● WORK ITEM
Repeat the listing word for word. Leave every picture out.

● SUPPLIED DATA
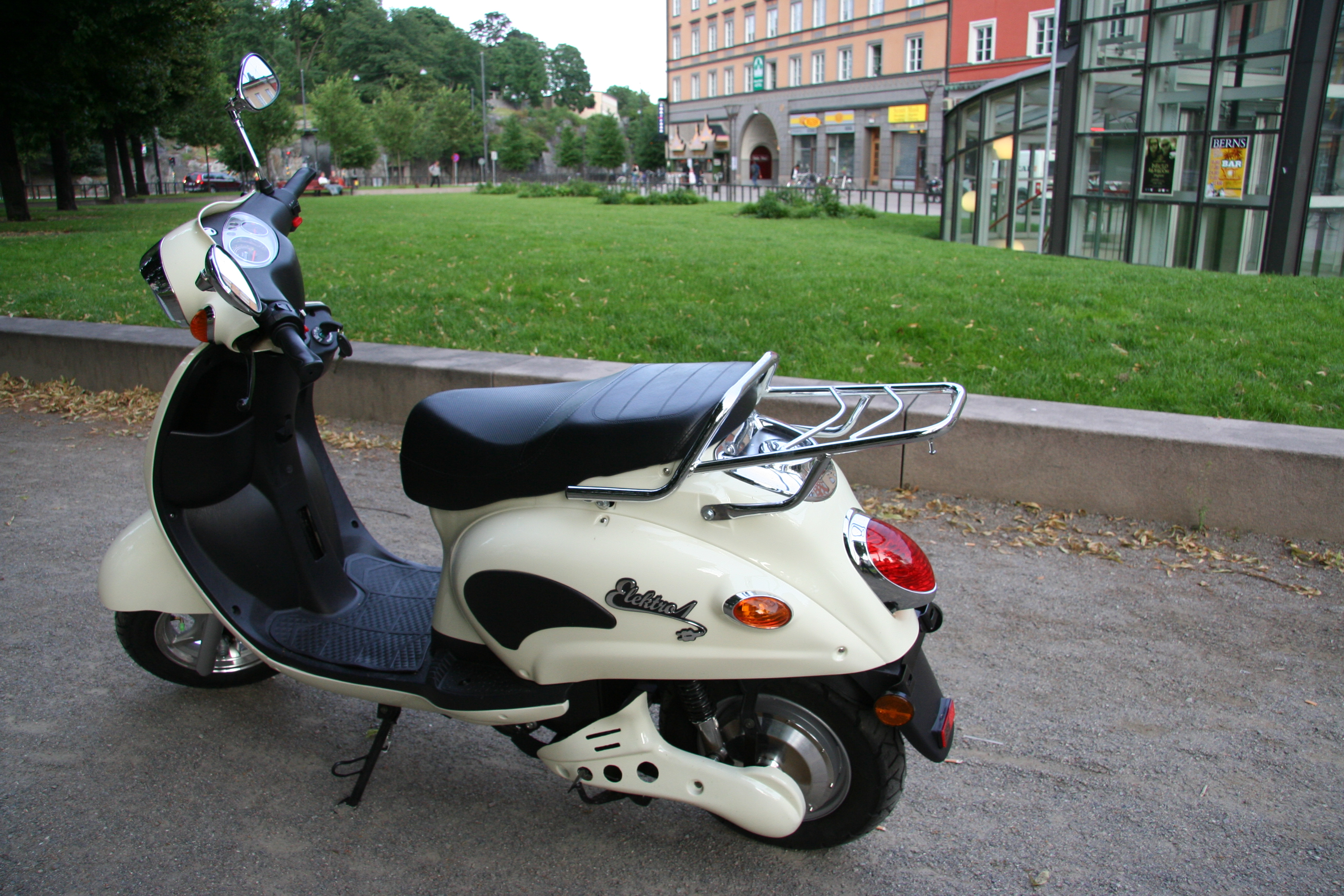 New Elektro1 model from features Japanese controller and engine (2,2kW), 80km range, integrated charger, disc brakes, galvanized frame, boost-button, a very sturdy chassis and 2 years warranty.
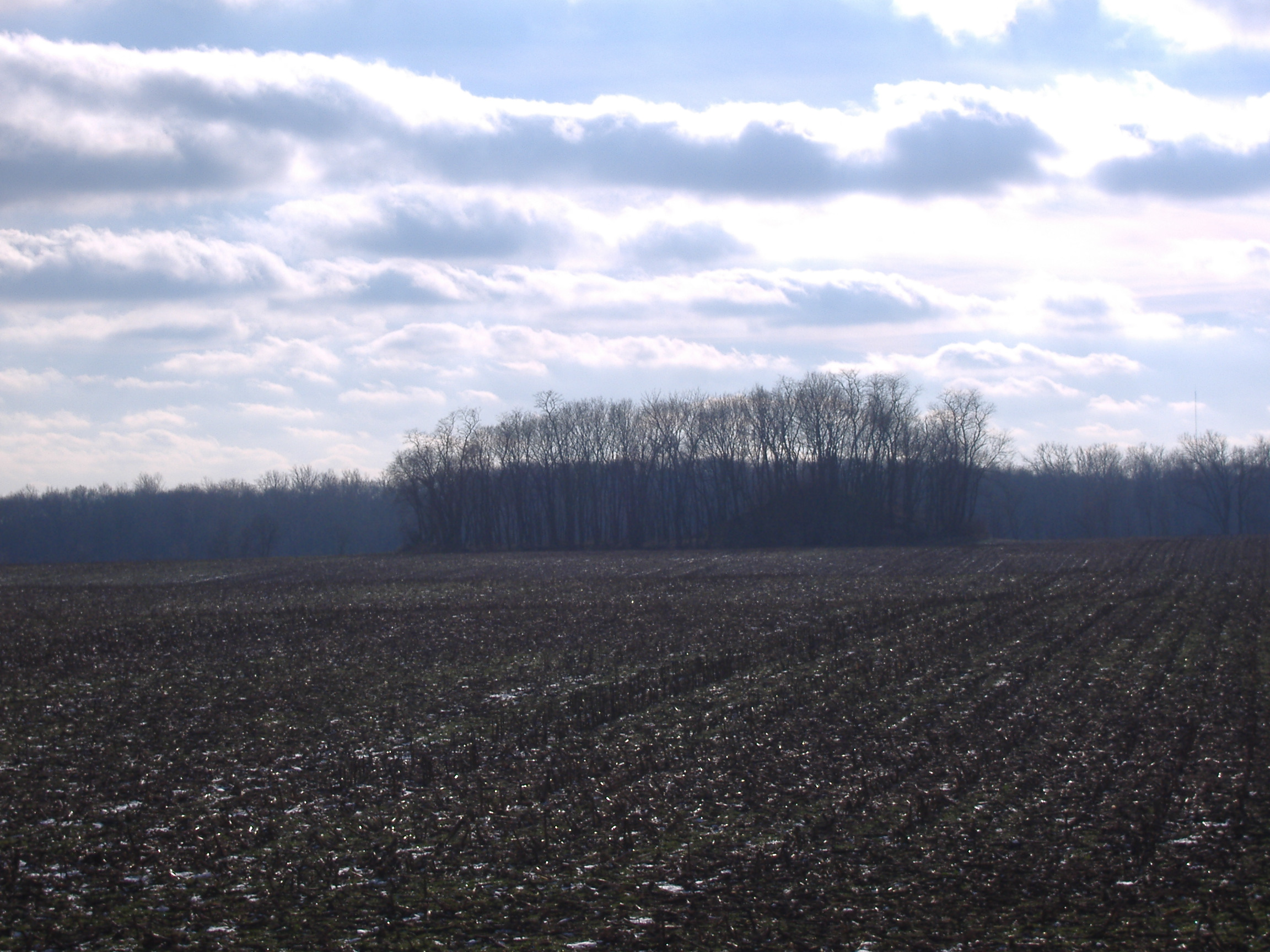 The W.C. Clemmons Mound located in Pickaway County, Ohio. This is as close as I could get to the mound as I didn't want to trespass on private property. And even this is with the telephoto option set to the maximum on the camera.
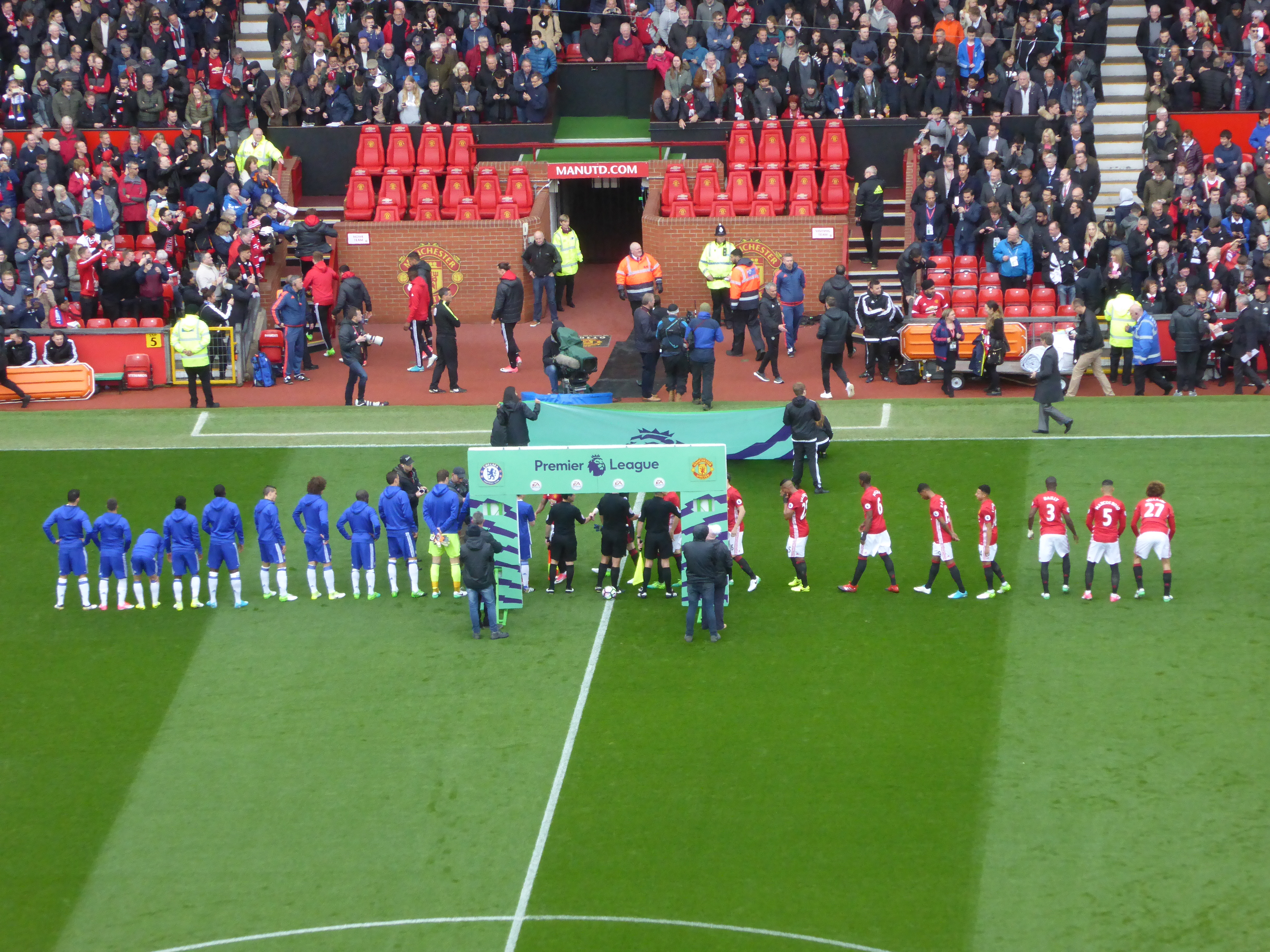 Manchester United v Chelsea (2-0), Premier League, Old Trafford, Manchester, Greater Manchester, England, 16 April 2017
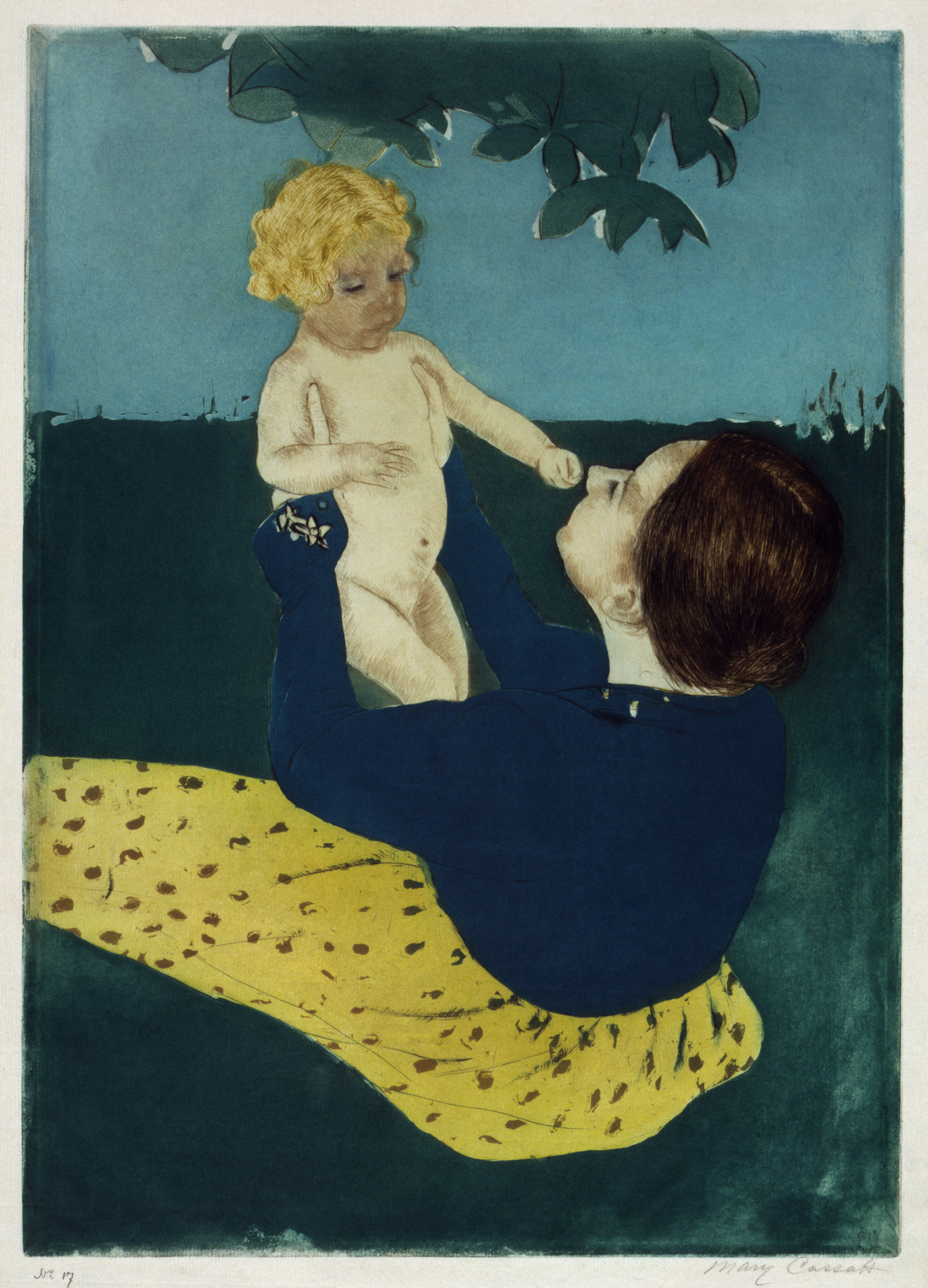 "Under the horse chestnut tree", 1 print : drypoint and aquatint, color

● SOLUTION TO THE EXERCISE
 New Elektro1 model from features Japanese controller and engine (2,2kW), 80km range, integrated charger, disc brakes, galvanized frame, boost-button, a very sturdy chassis and 2 years warranty.
 The W.C. Clemmons Mound located in Pickaway County, Ohio. This is as close as I could get to the mound as I didn't want to trespass on private property. And even this is with the telephoto option set to the maximum on the camera.
 Manchester United v Chelsea (2-0), Premier League, Old Trafford, Manchester, Greater Manchester, England, 16 April 2017
 "Under the horse chestnut tree", 1 print : drypoint and aquatint, color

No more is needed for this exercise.